If ops and functions should be able to be used interchangeably, I wouldn't 
expect any function arguments to be stored on the stack, but passed via 
registers (or lists referenced in registers).

>- Ken

> > Perl came from ASCII-centric roots, so it's likely that most of our
> > biases are ASCII-centric.  And for a couple of reasons, it's going to
> > be hard to deal with that:
> > 
> > 1. Backwards compatability with existing Perl practice,
> > 
> > and
> > 
> > 2. To do language-neutral right is -really- hard; look at locales and
> > Unicode as examples.
> > 
> > As such, instead of trying to make Perl work for all languages out of
> > the box, why not make Perl's language handling extensible from within
> > the language and have it be as language-free as possible (except for
> > backwards compatability stuff) out of the box.
> Right on.
> > Examples of what we can do:
> > 
> > I. Make ranges work on Unicode code-points (if they don't already).
> U, yes, they do, if you by code-point ranges mean \x{...}-\x{...}
> but in general I would like to discourage the use of ranges.  What do
> you think [a-\N{KATAKANA LETTER KI}] should mean?  I think it should
> mean a compile time error.  People misuse ranges for classes.  Ranges
> also imply some collation, which is, as discussed, really bad.

I think, following my line of thought, that [a-\N{KATAKANA LETTER KI}]
should be equivalent to [\x{0061}-\x{30AD}], which would match any of
the 12365 characters between \x{0061} and \x{30AD}.  Admittedly, this
probably isn't that useful of a class, but it's what I see was asked

Collation is something I hadn't considered.  My initial thought would
be that by default, collation order would be code-point order, but
that should probably be able to be overridden.

Code-point order at least allows us to collate 'a' and KATAKANA LETTER
KI, which I can't think of any other sensible way to do it.
> We probably also ought to answer the question "How accommodating to 
> non-latin writing systems are we going to be?" It's an uncomfortable 
> question, but one that needs asking.
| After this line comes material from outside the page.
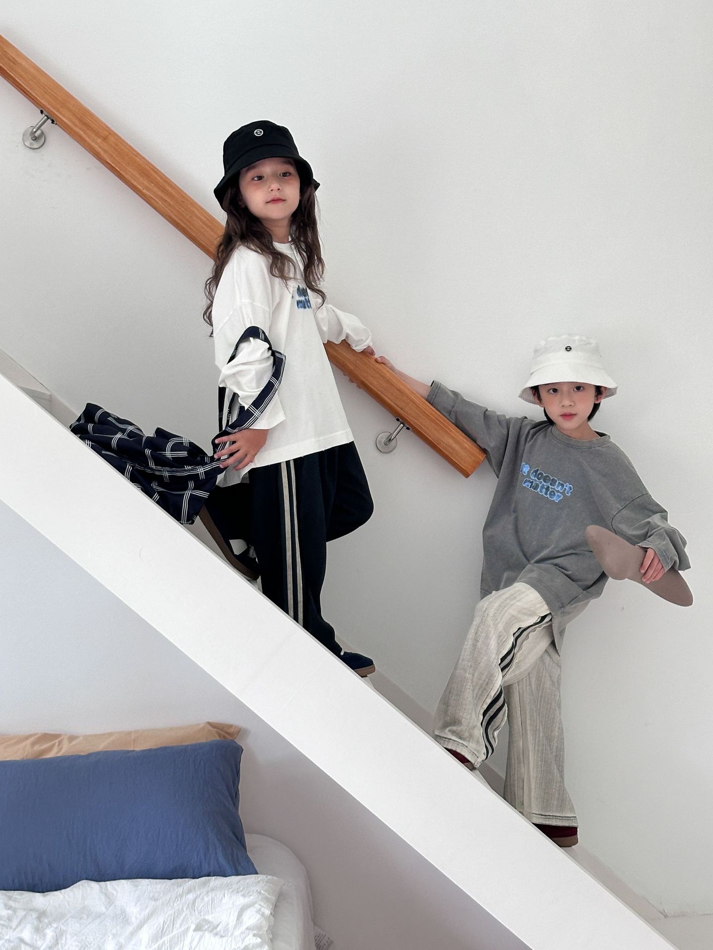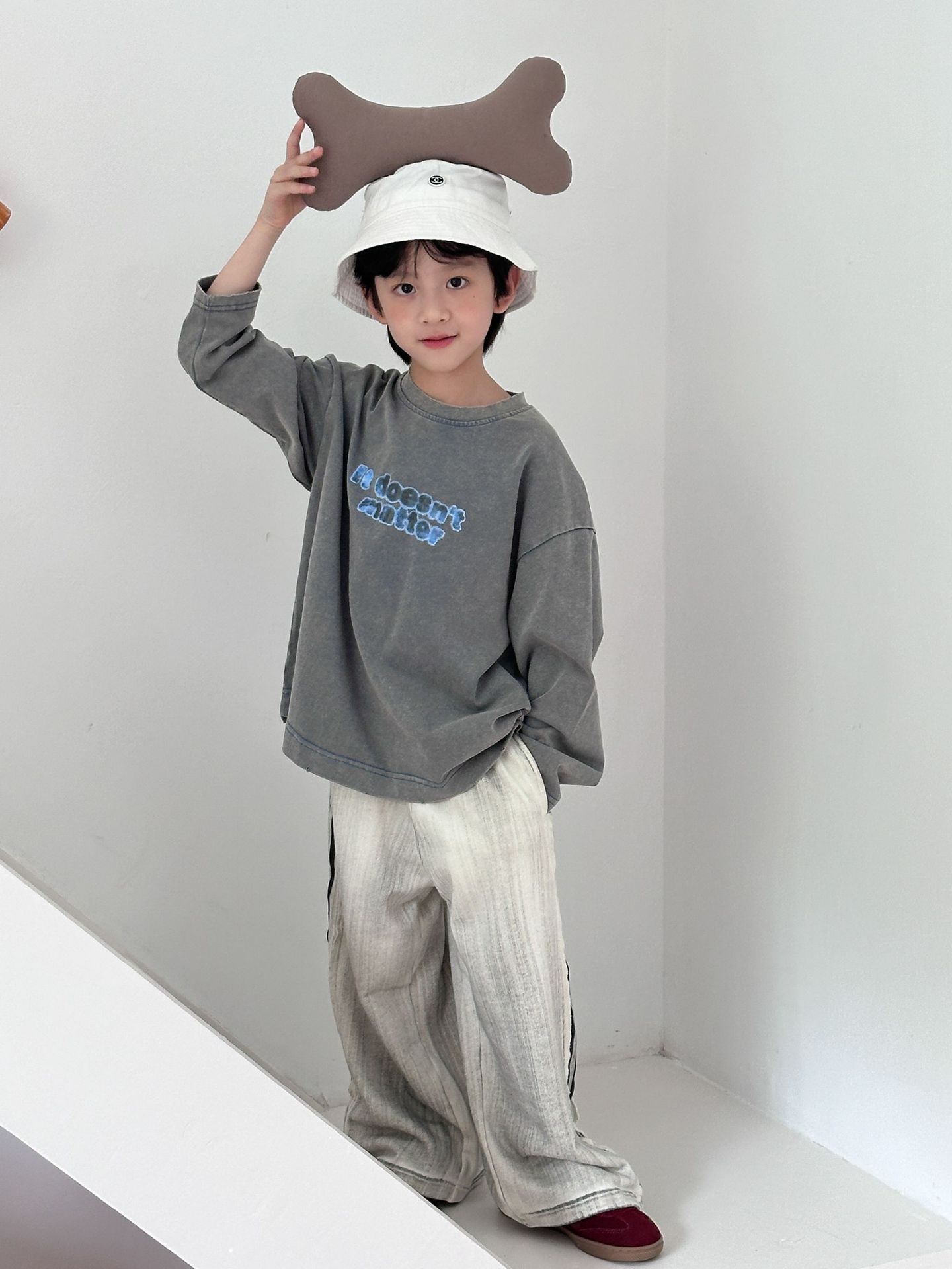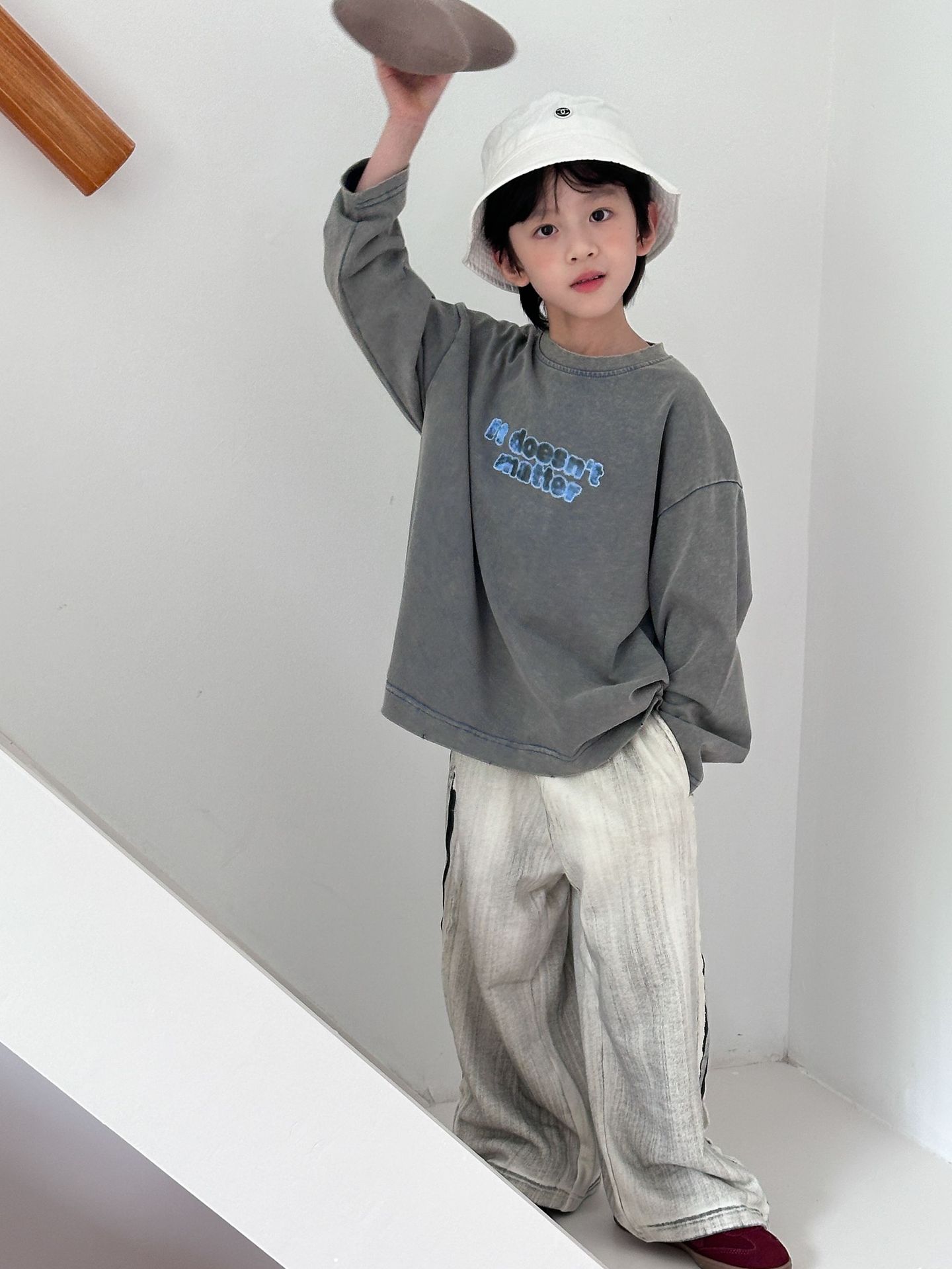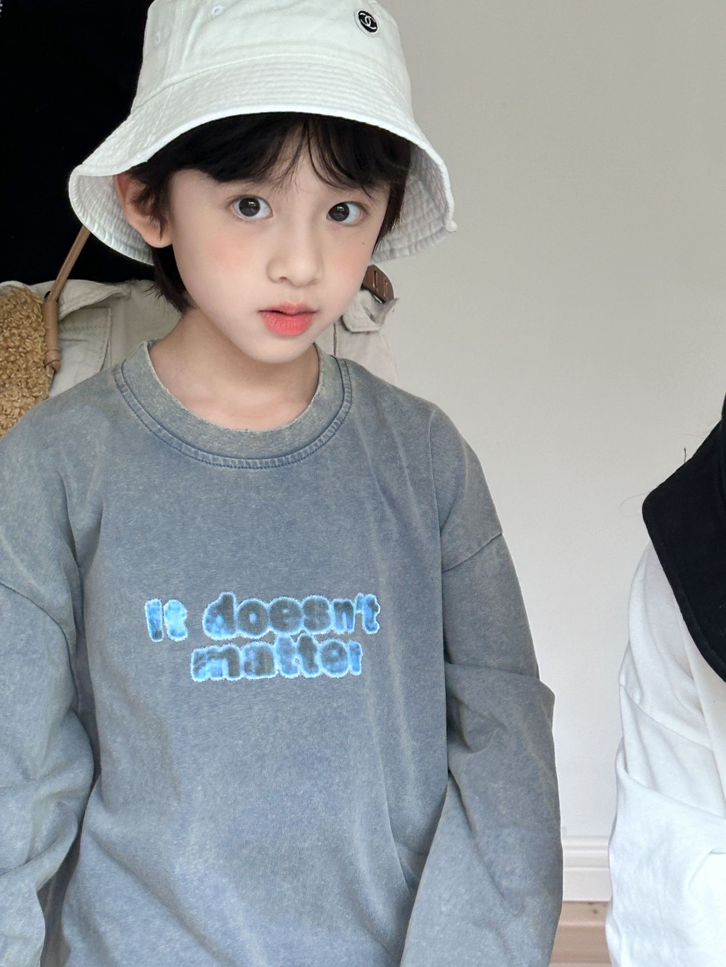 2025 봄 새로운 한국 스타일 어린이 오래된 편지 티셔츠 소년 다목적 라운드 넥 긴 소매 소녀 캐주얼 탑스토어 가기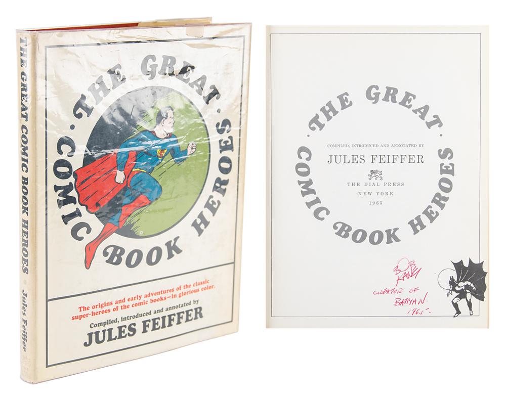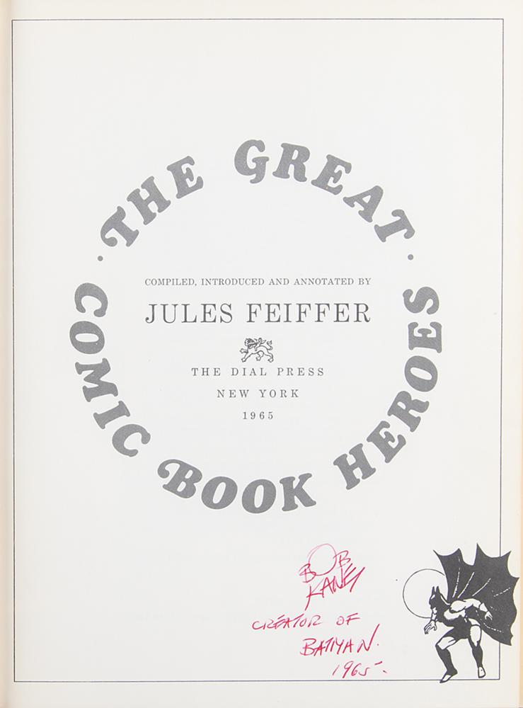 Signed book: The Great Comic Book Heroes. First edition, first printing. NY: The Dial Press, 1965. Hardcover with dust jacket, 9.25 x 12.25, 189 pages. Signed on the title page in red ballpoint, "Bob Kane, Creator of Batman, 1965." In fine condition, with light soiling and wear to the dust jacket.

Answering by Larry, probably, but 
> definitely asking. Perl's not really language-neutral now (If you think so, 
> go wave locales at Jarkko and see what happens... :) but all our biases are 
> sort of implicit and un (or under) stated. I'd rather they be explicit, 
> though I know that's got problems in and of itself.

Perl came from ASCII-centric roots, so it's likely that most of our
biases are ASCII-centric.  And for a couple of reasons, it's going to
be hard to deal with that:

1. Backwards compatability with existing Perl practice,


2. To do language-neutral right is -really- hard; look at locales and
Unicode as examples.

As such, instead of trying to make Perl work for all languages out of
the box, why not make Perl's language handling extensible from within
the language and have it be as language-free as possible (except for
backwards compatability stuff) out of the box.

Examples of what we can do:

I. Make ranges work on Unicode code-points (if they don't already).

II. Make POSIX-style character classes (e.g. [:space:])
user-definable and modifiable.  That way, a Unicode::Japanese module
could do something like:

[:hiragana:] = /[\x{3041}-\x{3094}]/;
[:katakana:] = /[\x{30A1}-\x{30F4}]/;
[:kana:] = [:hiragana:] + [:katakana:];

and then each of those three classes could be used in RE's when needed.

III. Allow for character equivalence tables to be user-definable.
This would allow for the /i behavior of RE's to be generalized.

As an example, consider the following code:

$kanainsensitive = td/[:hiragana:]/[:katakana:]/;

if ($japanesetext =~ m/$japanesepattern/i{$kanainsentive} {
   print "$japanesetext matched $japanesepattern\n";

The new td// construct would create a character equivalence table that
could be used with a generalized /i option to indicate that hiragana
and katakana should be treated equivalently.

A more sophisticated example could be:

$vowelsoptional = td/aeiouAEIOU//;

which would make vowels equivalent to no characters at all.

For certain applications, it would be useful to allow matches of more
than one character:

$kanainsensitive +=   td/\x{304C}\x{3042}/\x{30AC}\x{30FC}/r
+ td/\x{304D}\x{3044}/\x{30AD}\x{30FC}/r
+ ... ;

In this case, it represents the fact that long vowels are represented
by one form in hiragana (HIRAGANA LETTER KA + HIRAGANA LETTER A), and
a different form in katakana (KATAKANA LETTER KA + KATAKANA-HIRAGANA

I used a /r there to indicate that the two parts of the td/// are
regular expressions which are designed to be treated equivalent.  That
would allow both of those lines above to be written:

$kanainsensitive +=  td/([\x{304C}\x{304D}])\x{3042}/\1\x{30FC}/r;

It would also allow people to deal with combining forms, although
there are probably better ways than this.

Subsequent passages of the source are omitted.